Es menester recordar, de entre ellos, al olvidado Manuel Díaz y Sotelo, periodista de radio y articulista que fue asesinado a los treinta años, el 6 de agosto de 1959, por la guardia somocista.

“He contraído un compromiso con el pueblo y si solamente yo tengo que decir la verdad, pues asumo ese deber solitariamente”, decía vehemente, y esta frase fue su filosofía de vida.

Por eso, desde el periódico Flecha, a través de su columna titulada Trinchera, ejerció su labor de forma esplendorosa con críticas acérrimas hacia la dictadura somocista, tal cual le demandaban su elevada conciencia periodística y sus valores humanos.

La Guardia Nacional de la dictadura trató de callarlo, sometiéndolo a numerosas e inenarrables torturas, pero no consiguieron su cometido; todo lo contrario, avivaron la llama que lo impelía a decir la verdad, así le costase la vida.

El compromiso del periodista es con la Verdad sustraída de la realidad investigada y la entrega diáfana de esta en un escrito a un espectador ávido de fortalecer su conciencia y convicciones. Un buen periodista no distorsiona la conciencia de las masas. Crea conciencia en los pueblos.

Tomando en cuenta los difíciles tiempos que vive el periodismo nacional, quien se jacte de ser un periodista con todas sus letras, debe tomar como parámetros las cualidades que poseía Díaz y Sotelo.

No se trata de compararse con él, sino de imitar su ejemplo como defensor de la realidad y de los intereses de la ciudadanía, sobre todo hoy día cuando las seducciones del poder y el dinero quebrantan la voluntad y la fe de muchos hombres y mujeres de prensa y los condenan a la miseria humana.

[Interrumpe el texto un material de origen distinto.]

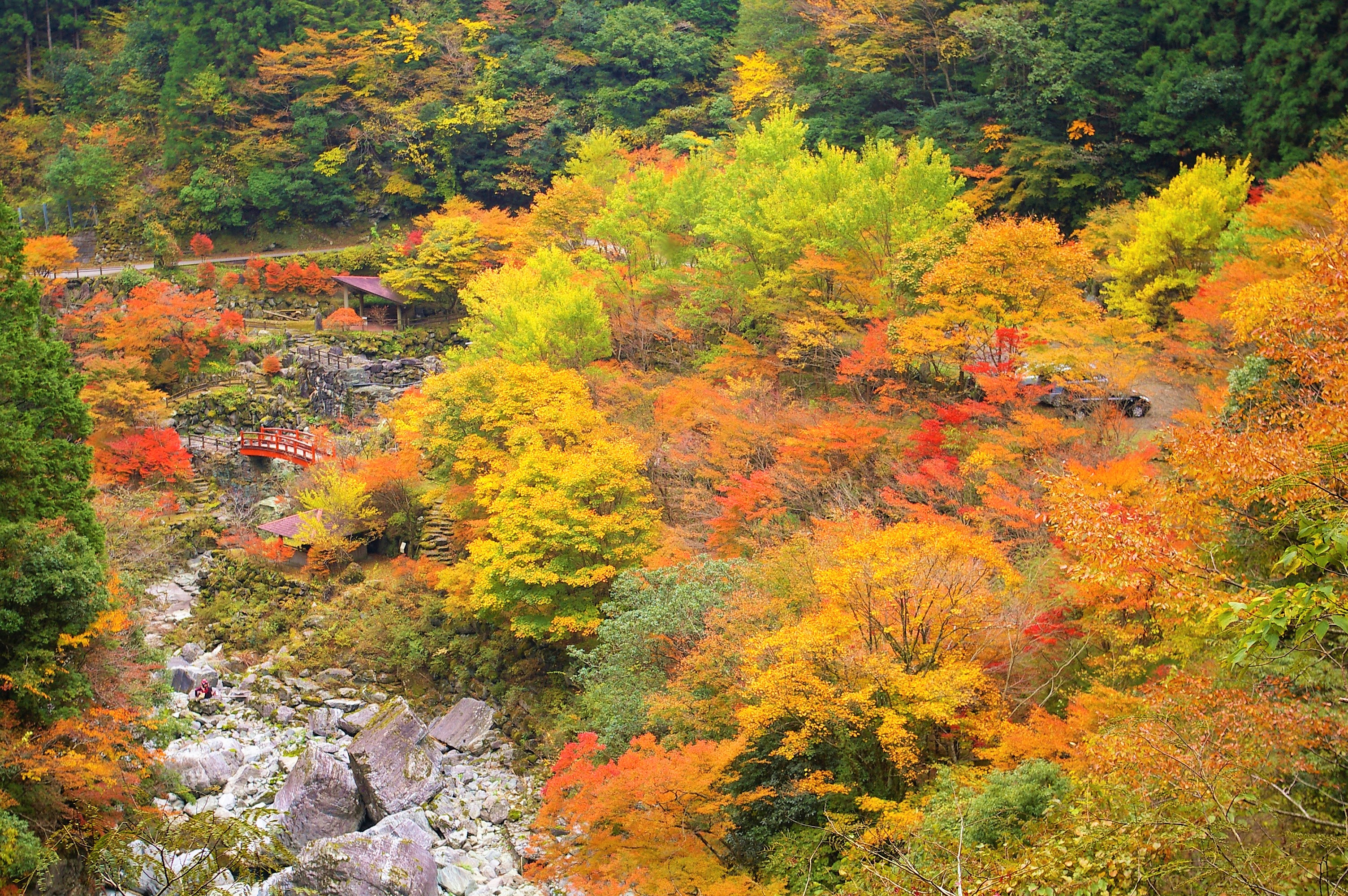 安居溪谷的險峻峽谷造就出多處有大有小的瀑布,泛綠色澤的巨石奇岩被青松及楓紅點綴,景致怡人,療癒人心。境內有「回眸瀑布」「飛龍瀑布」「昇龍瀑布」「水晶淵」「千仞峡」等多數可看點。每年秋季滿山楓紅,是高知縣內知名賞楓景點。
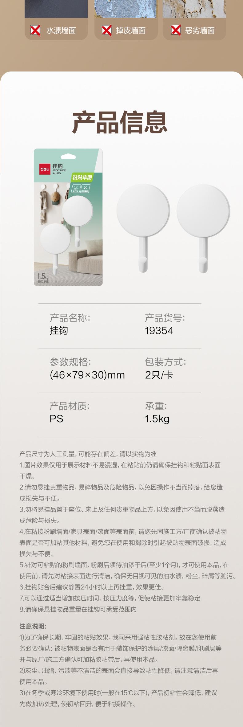 Gancho Deli 19354 de viscosa resistente para cocina, baño, sin perforaciones, venta al por mayor
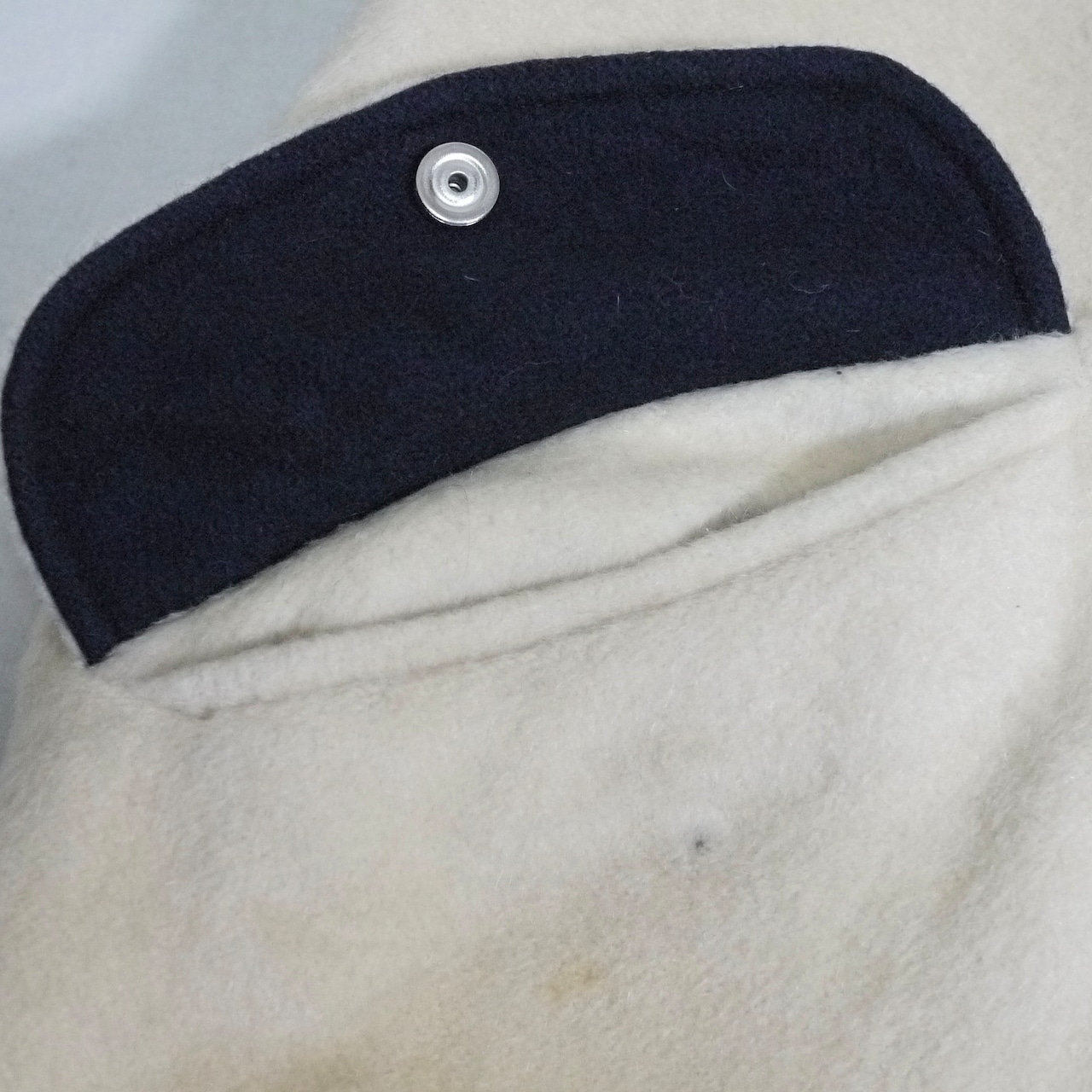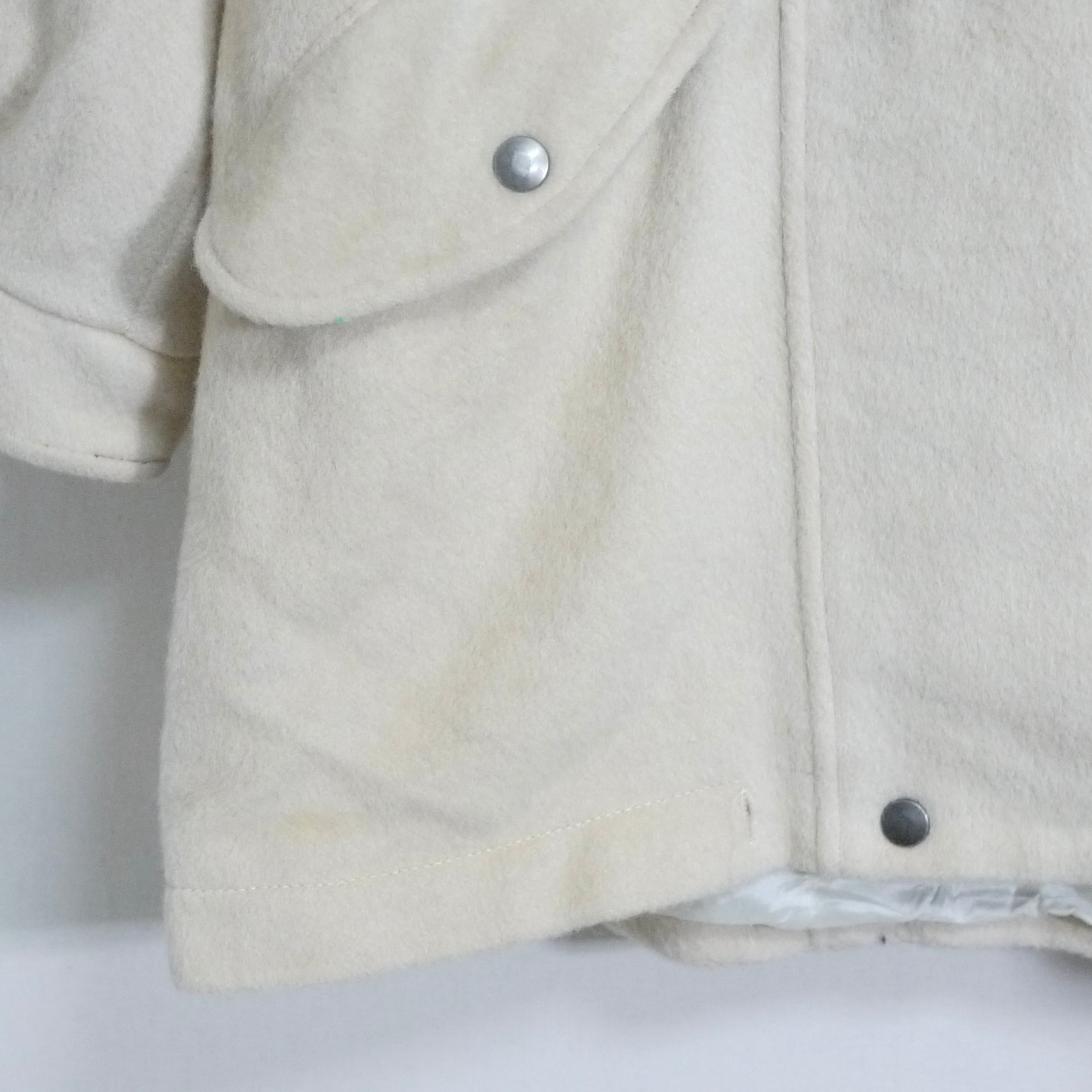 状態は、右ポケット下部に薄ら汚れ。所々に生地の薄くなった箇所や細かな汚れ。左袖と右ポケットのスナップボタンが破損。その他、経年による使用感がありますが、着用に問題はありません。
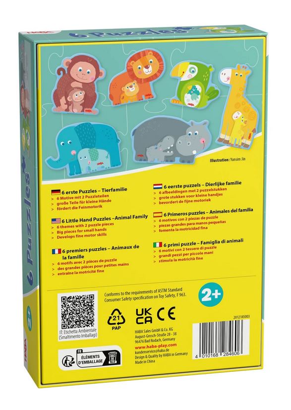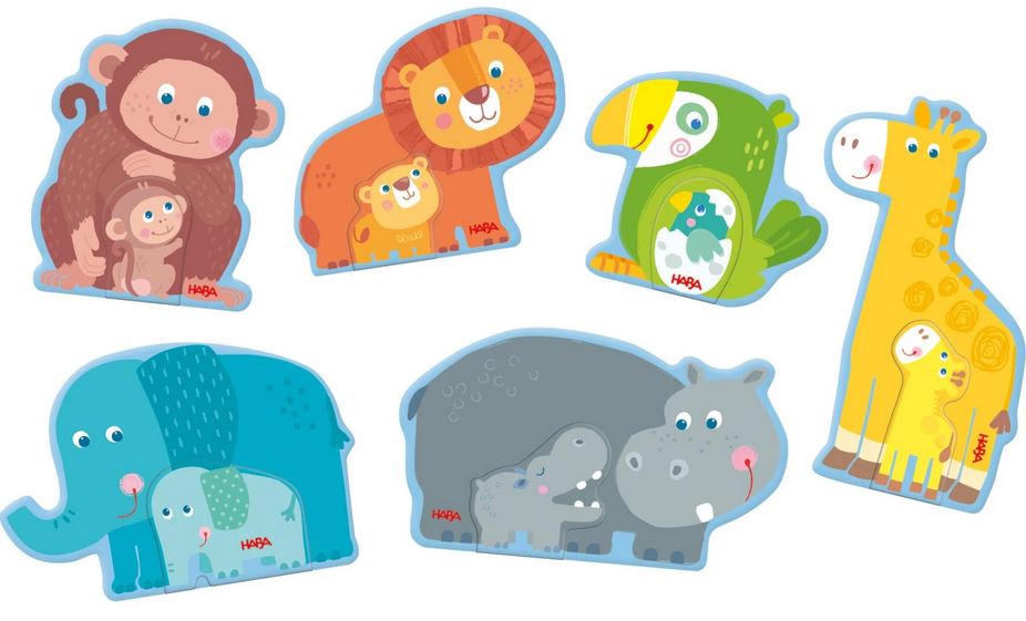 6 erste Puzzles Tierfamilie von Haba sind ein prima Einstieg für Kleinkinder in die wunderbare Puzzlewelt. Alle Puzzle bestehen aus 2 extragroßen Teilen, die sich sehr gut anfassen und zusammenbauen lassen. Schöne Tiereltern- und Kindermotive machen Spaß und regen zum Erzählen an.
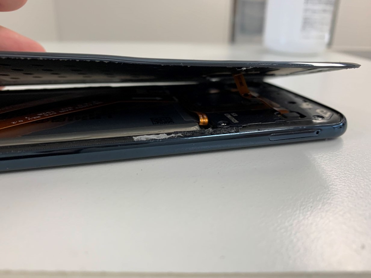 背面パネルの粘着を剥がし終わって指紋認証ケーブルを本体から外すと…
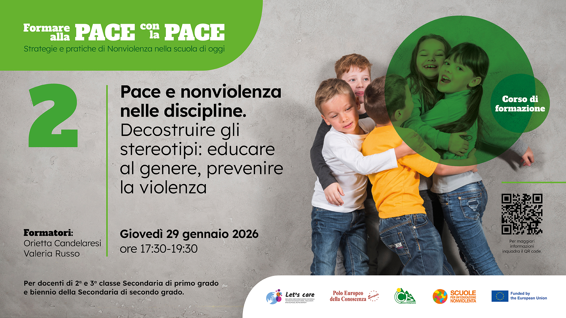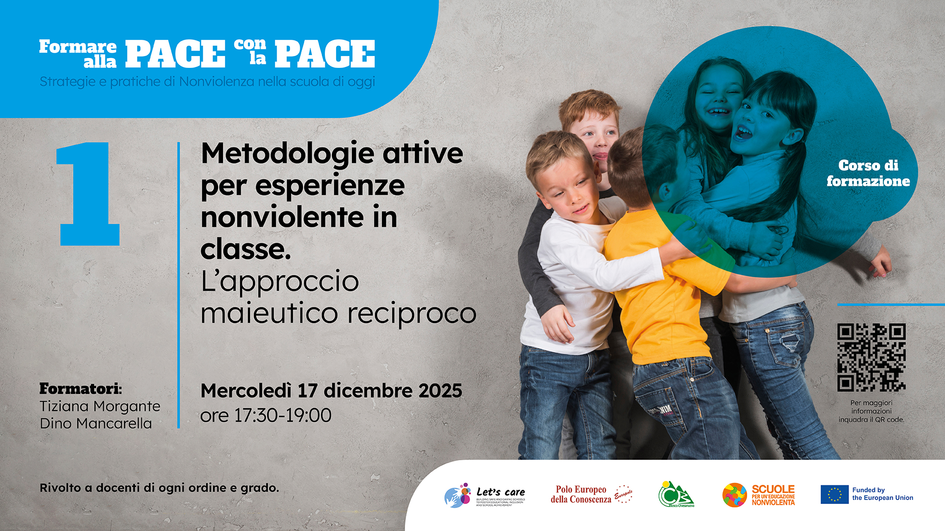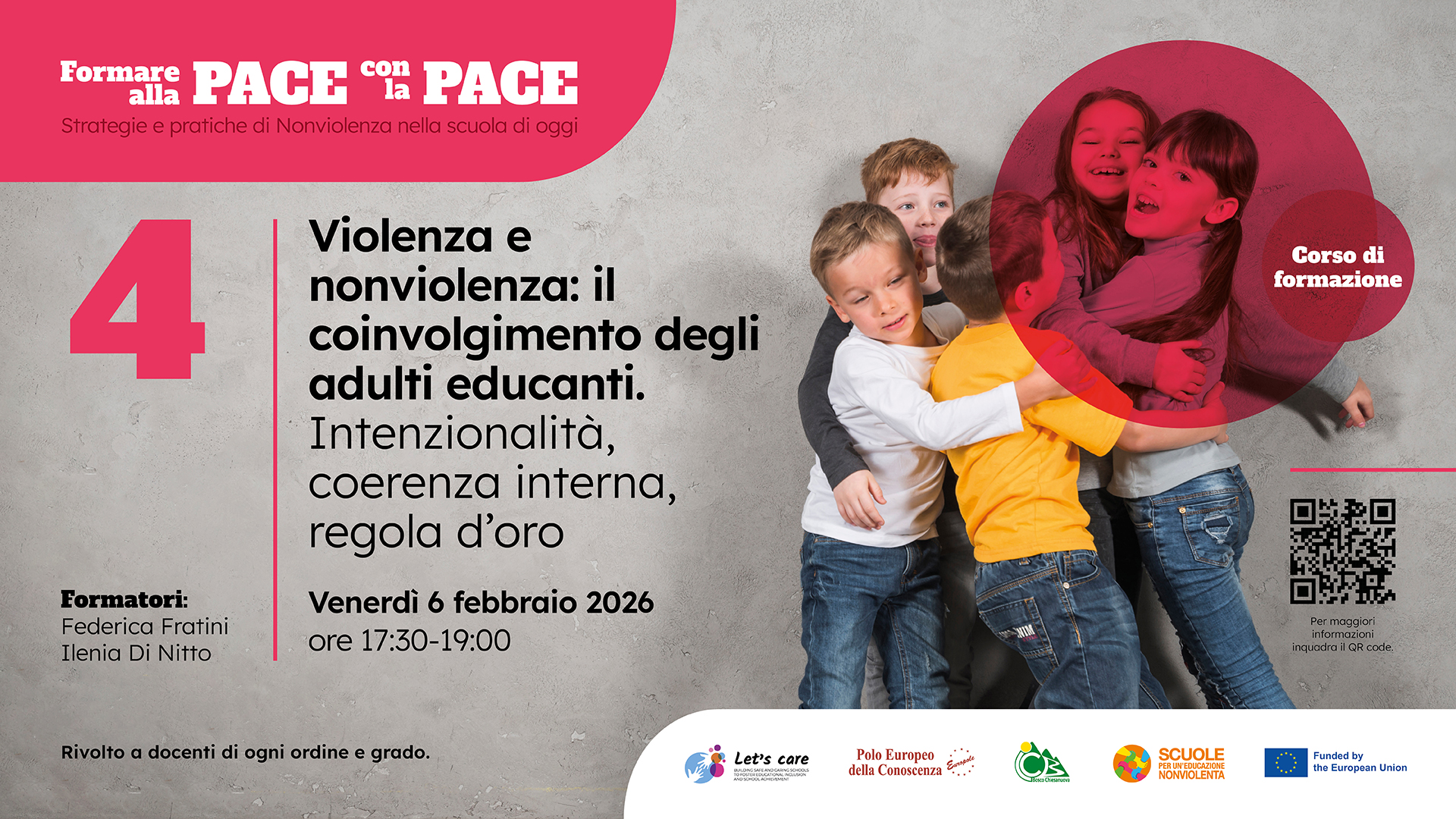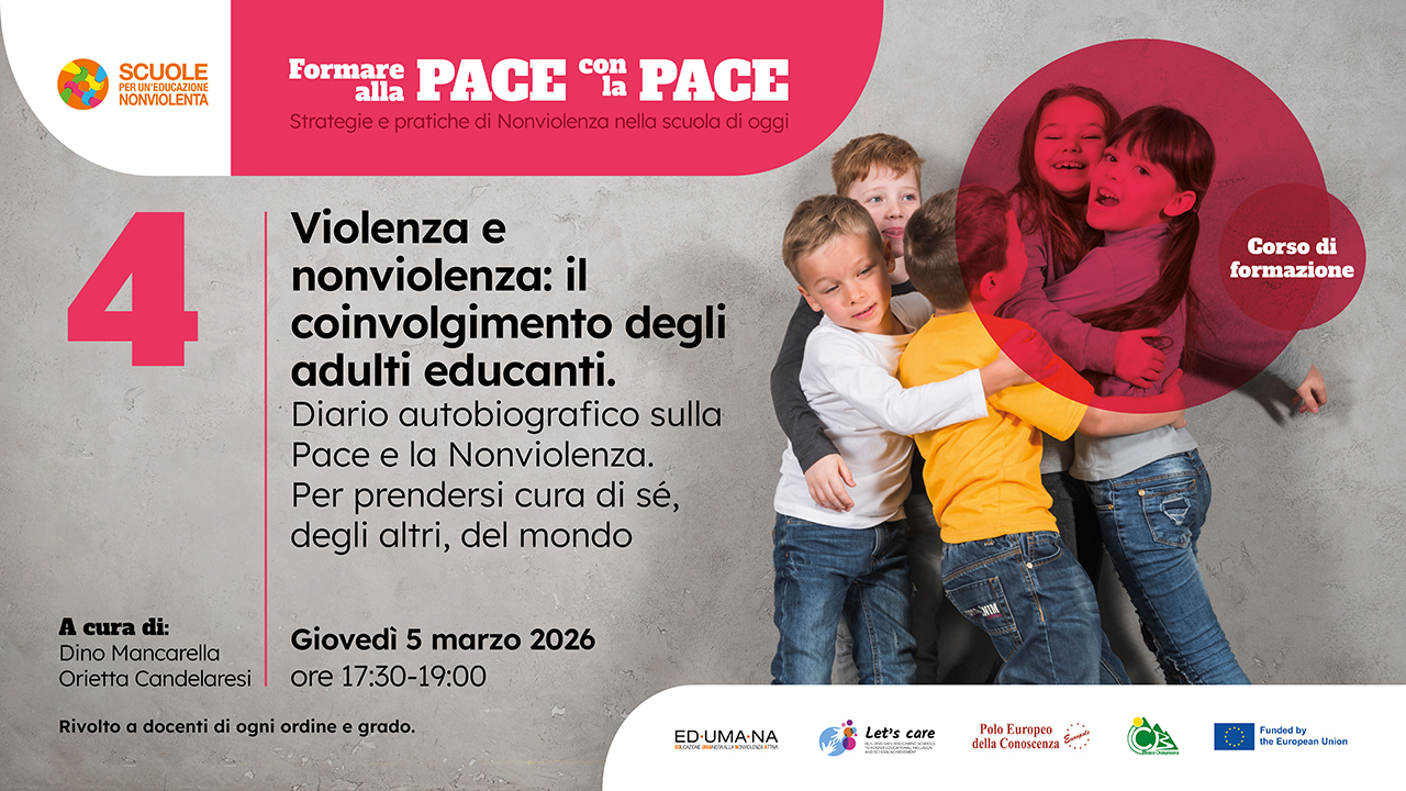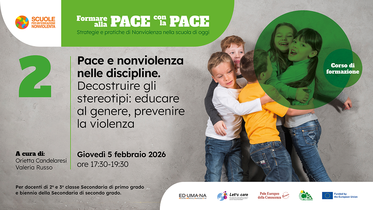 Percorso di formazione gratuito ONLINE rivolto a docenti di ogni ordine e grado, finalizzato a promuovere pratiche educative ispirate ai principi della pace e della nonviolenza, del dialogo e della trasformazione costruttiva dei conflitti.

Son pocos los hombres y mujeres de prensa que no han desistido a sus ideales y son muchos los que la tergiversan y se corrompen por un salario, un puesto y por mantener su estatus; algunos se hacen llamar influencers, pero en lugar de inspirar en sus audiencias una conciencia ciudadana y el libre pensamiento, los arrastran a la esclavitud mental.
El buen periodista debe hoy ser el mejor conductor de las conciencias colectivas, pero debe examinarse si está preparado para esta tarea en el avance del siglo XXI.

Es tiempo de autoevaluarse y ver en qué dirección apuntamos nuestra pluma o nuestra voz, si la estamos usando como un “arma hermosa” que defiende al débil e indefenso, o como un instrumento de doble filo al servicio de dos amos, o como un arma sin filo.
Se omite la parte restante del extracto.